§ **EXERCISE DIRECTIONS**: Repeat word for word the lines from the one containing "TB-1079 – Piemērots" to the end of the material below, and leave all pictures out.

§ **MATERIAL FOR THIS EXERCISE**:
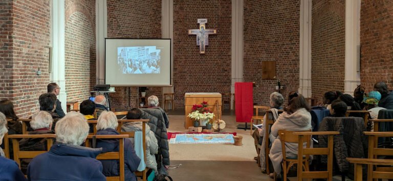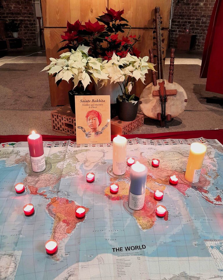 On Saturday afternoon, February 7, about sixty people, including members of ten religious congregations, gathered at the Church of the Blessed Sacrament – la Viale Europe in Brussels to commemorate Saint Bakhita and to pray and denounce human trafficking and modern slavery.
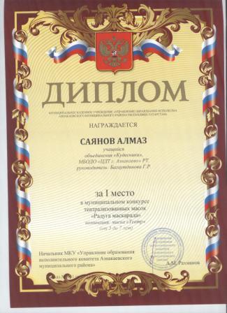 1 место в муниципальном конкурсе театральных масок «Радуга маскарада» (Саянов А., Багаутдинова Г.Р.)
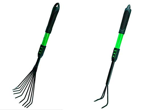 These telescopic garden tools have a soft comfort grip handle that is made of lightweight steel and heat-treated steel head Lightweight steel handles, rotate and extend from 62-cm to 100-cm Measures 62-cm length
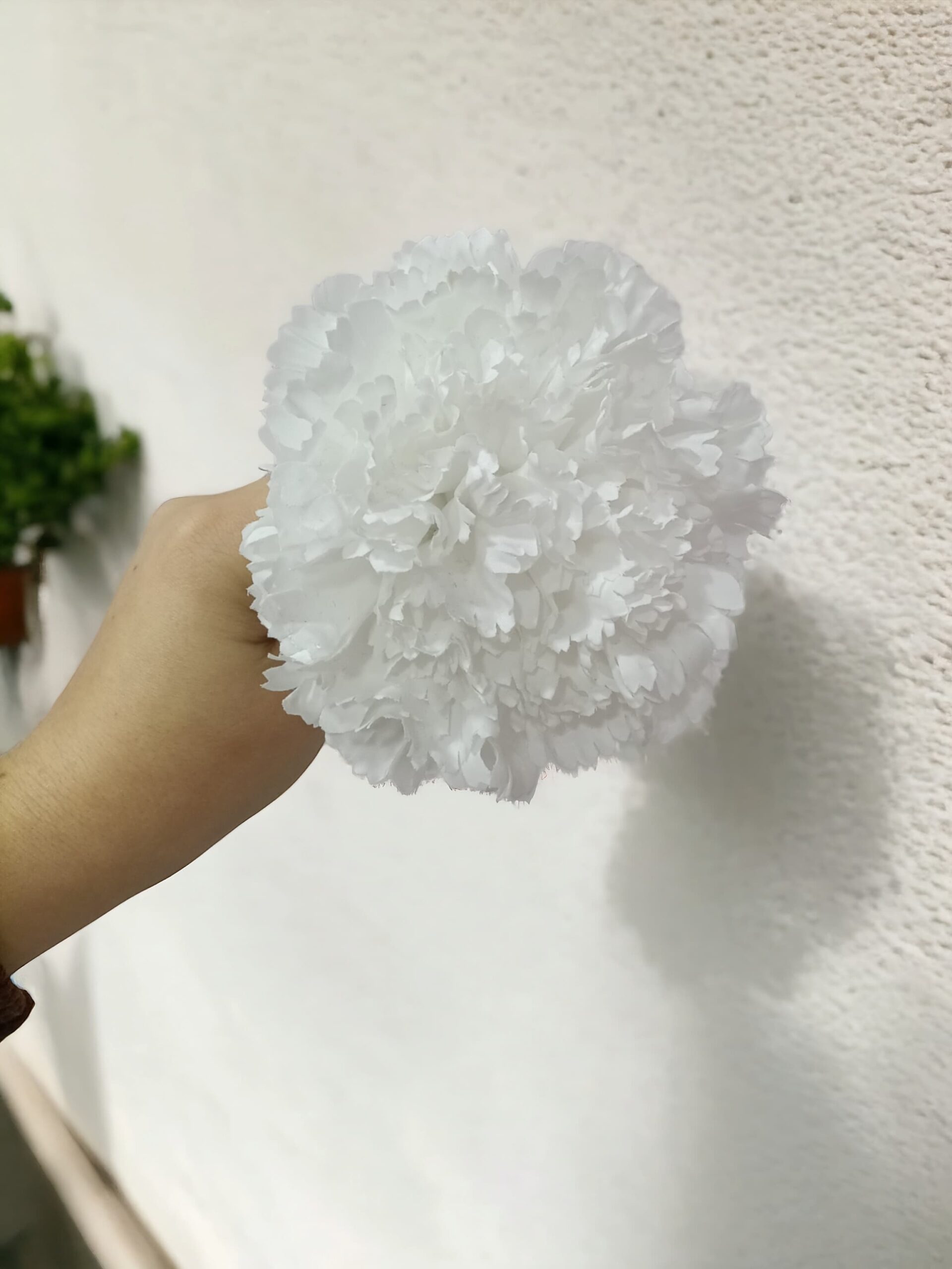 Flor de flamenca diseño clavel, de tamaño grande, con un diámetro aproximado de 10cm.
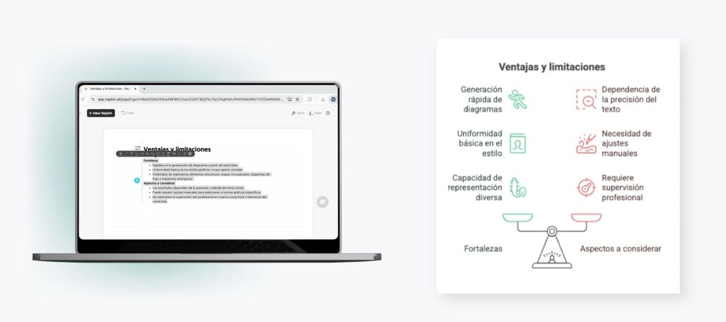 De esta manera, Napkin permite obtener un esquema inicial claro y flexible que el profesional puede perfeccionar con matices y referencias adicionales, manteniendo siempre la responsabilidad sobre la validez y pertinencia del contenido.
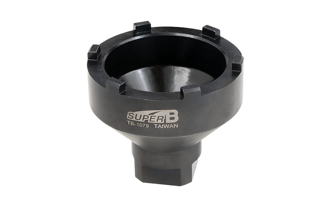 TB-1079 – Piemērots Panasonic® piedziņas blokiem ar 6 zobu Ø62 mm ķēdes gredzena fiksatoriem un apakšējās kronšteina kausiem. Lieto ar 1/2′′ uzgriežņu atslēgu vai 24 mm atslēgu ar atvērtu galu. –
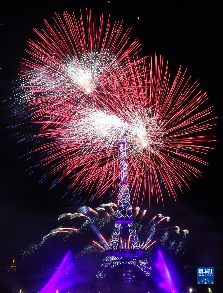 7月14日,焰火在法國巴黎埃菲爾鐵塔周?chē)`放。
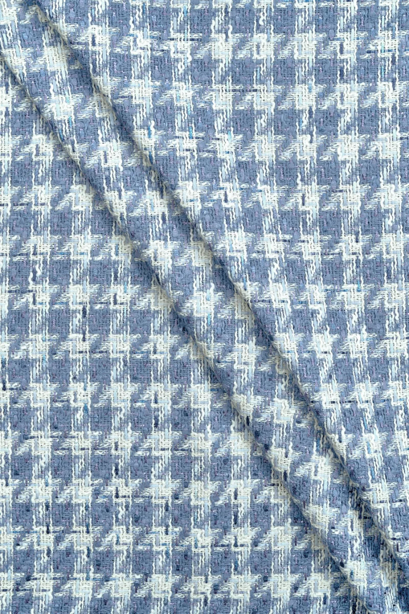 Olasz chanel jelmezszövet természetes szálakból, világoskék és ecru színben, csillogó kék szállal díszítve.
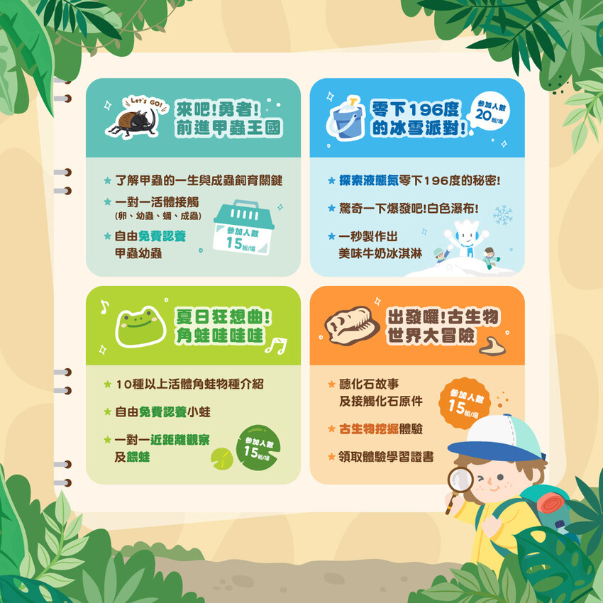 《來吧!勇者!前進甲蟲王國》《零下196度的冰雪派對!》《夏日狂想曲!角蛙哇哇哇》和《出發囉!古生物世界大冒險》,
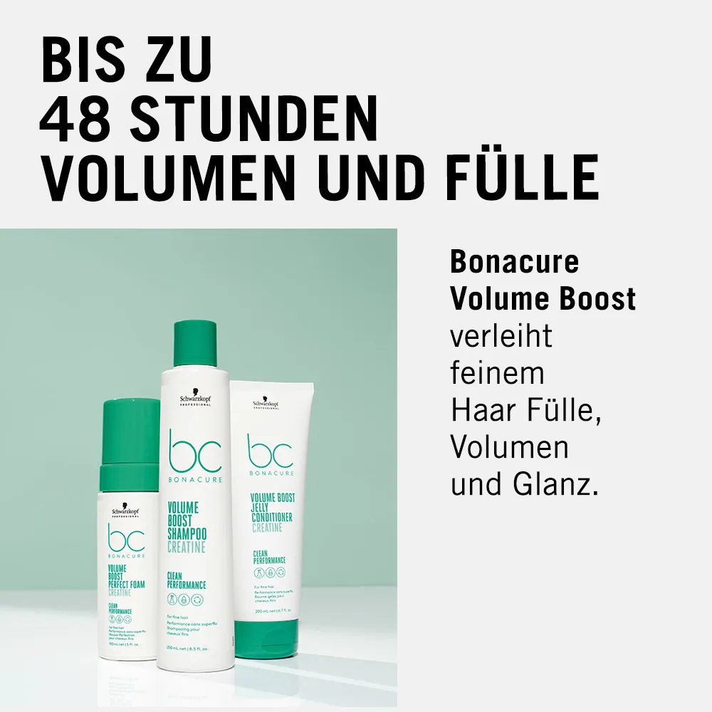 Schwarzkopf BC Bonacure Volume Boost Shampoo sorgt für mehr Volumen und bis zu 48 Stunden für ein volleres Haargefühl. Formuliert für feines und kraftloses Haar, verleiht es Volumen, Fülle und Sprungkraft. Schwarzkopf BC Bonacure Volume Boost Shampoo: Neue Technologie für gesundes & voluminöses Haar Das Shamooo ist mit der fortschrittlichen Technologie des veganen Pflegekomplexes mit veganer Keratin Alternative + Kreatin ausgestattet. Das Geheimnis von Bonacure Volume Boost ist die kombinierte Wirkung von veganem Keratin und Kreatin. Die Formulierung mit Keratin stellt die Haarfaser wieder her und sorgt  für Geschmeidigkeit und Kämmbarkeit. Zugleich wird jeder Strähne mit Kreatin sichtbar mehr Volumen, Fülle und Sprungkraft geschenkt. Schwarzkopf BC Bonacure Volume Boost Shampoo Wirkung Das Shampoo von Bonacure Volume Boost entfernt sanft überschüssiges Öl und Rückstände, die das Haar beschweren können. Pflegende Polymere werden hinzugefügt, um eine statische Wirkung zu verhindern, für eine bessere Kämmbarkeit der Haare und eine verbesserte Elastizität. Es ist frei von SLS/SLES Sulfaten, Silikonen und künstlichen Farbstoffen. Das Shampoo mit veganem Keratin verbessert die innere Haarstärke und sorgt für ein volleres Haargefühl. Hinzu kommt ein bis zu 48 Stunden volleres Haargefühl.

§ **REPLY TO THE EXERCISE**:
 TB-1079 – Piemērots Panasonic® piedziņas blokiem ar 6 zobu Ø62 mm ķēdes gredzena fiksatoriem un apakšējās kronšteina kausiem. Lieto ar 1/2′′ uzgriežņu atslēgu vai 24 mm atslēgu ar atvērtu galu. –
 7月14日,焰火在法國巴黎埃菲爾鐵塔周?chē)`放。
 Olasz chanel jelmezszövet természetes szálakból, világoskék és ecru színben, csillogó kék szállal díszítve.
 《來吧!勇者!前進甲蟲王國》《零下196度的冰雪派對!》《夏日狂想曲!角蛙哇哇哇》和《出發囉!古生物世界大冒險》,
 Schwarzkopf BC Bonacure Volume Boost Shampoo sorgt für mehr Volumen und bis zu 48 Stunden für ein volleres Haargefühl. Formuliert für feines und kraftloses Haar, verleiht es Volumen, Fülle und Sprungkraft. Schwarzkopf BC Bonacure Volume Boost Shampoo: Neue Technologie für gesundes & voluminöses Haar Das Shamooo ist mit der fortschrittlichen Technologie des veganen Pflegekomplexes mit veganer Keratin Alternative + Kreatin ausgestattet. Das Geheimnis von Bonacure Volume Boost ist die kombinierte Wirkung von veganem Keratin und Kreatin. Die Formulierung mit Keratin stellt die Haarfaser wieder her und sorgt  für Geschmeidigkeit und Kämmbarkeit. Zugleich wird jeder Strähne mit Kreatin sichtbar mehr Volumen, Fülle und Sprungkraft geschenkt. Schwarzkopf BC Bonacure Volume Boost Shampoo Wirkung Das Shampoo von Bonacure Volume Boost entfernt sanft überschüssiges Öl und Rückstände, die das Haar beschweren können. Pflegende Polymere werden hinzugefügt, um eine statische Wirkung zu verhindern, für eine bessere Kämmbarkeit der Haare und eine verbesserte Elastizität. Es ist frei von SLS/SLES Sulfaten, Silikonen und künstlichen Farbstoffen. Das Shampoo mit veganem Keratin verbessert die innere Haarstärke und sorgt für ein volleres Haargefühl. Hinzu kommt ein bis zu 48 Stunden volleres Haargefühl.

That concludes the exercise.